**Aim of the task:** Using the material below, repeat exactly the lines from the one with "Сотрудник может запланировать" through the one with "2002年9月12日 シュトゥットガルト本部 田中敏郎さん(左)と鮫島宗明元衆議院議員", ends included, without any images.

**Study material:**
-.-.-

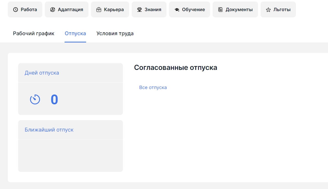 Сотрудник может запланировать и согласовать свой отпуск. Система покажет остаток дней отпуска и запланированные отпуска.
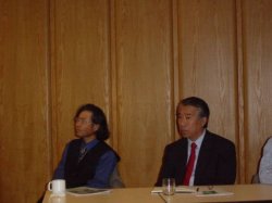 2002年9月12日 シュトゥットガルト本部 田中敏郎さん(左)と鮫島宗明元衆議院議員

-.-.-

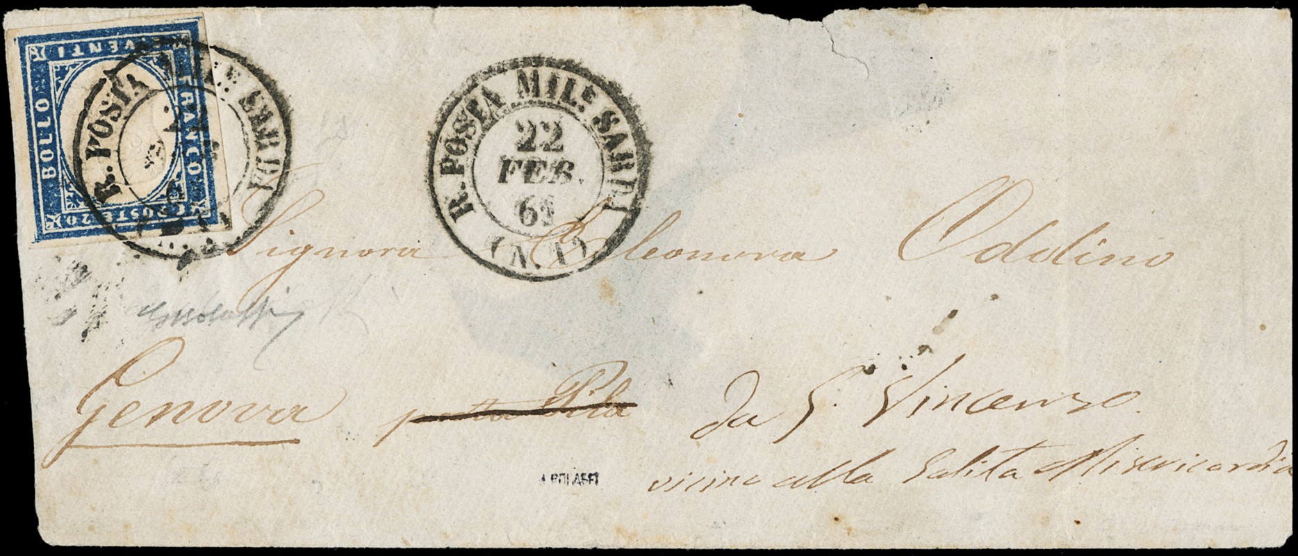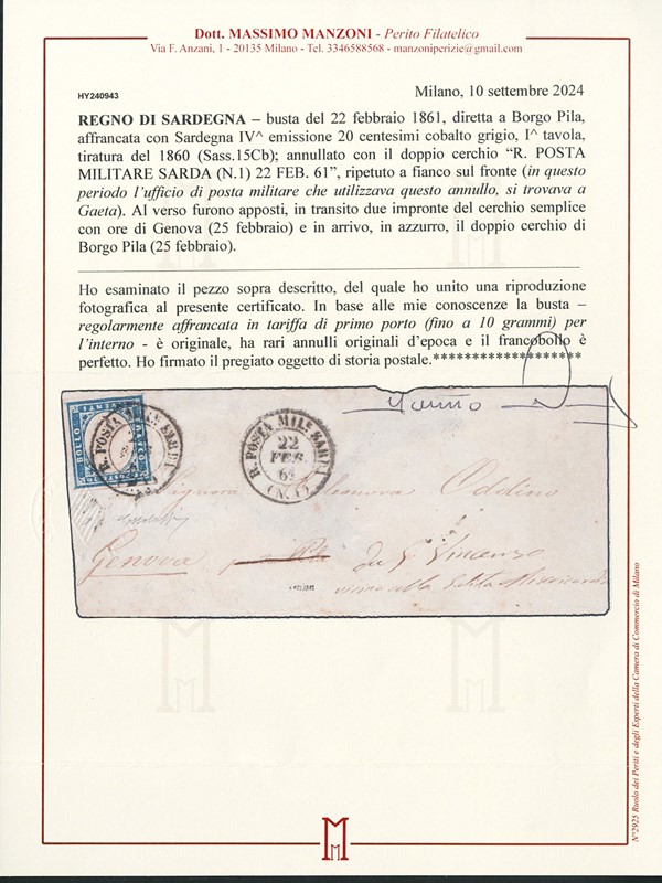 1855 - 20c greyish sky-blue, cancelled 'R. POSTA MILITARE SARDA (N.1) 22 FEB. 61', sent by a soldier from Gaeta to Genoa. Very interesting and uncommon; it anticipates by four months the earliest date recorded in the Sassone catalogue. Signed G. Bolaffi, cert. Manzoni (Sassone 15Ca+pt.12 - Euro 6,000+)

-.-.-

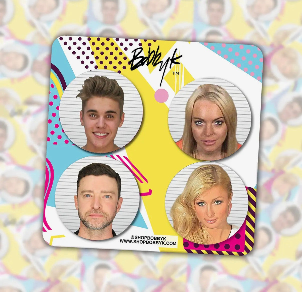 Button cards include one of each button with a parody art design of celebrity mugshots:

-.-.-

**Answer to this problem:**
 Сотрудник может запланировать и согласовать свой отпуск. Система покажет остаток дней отпуска и запланированные отпуска.
 2002年9月12日 シュトゥットガルト本部 田中敏郎さん(左)と鮫島宗明元衆議院議員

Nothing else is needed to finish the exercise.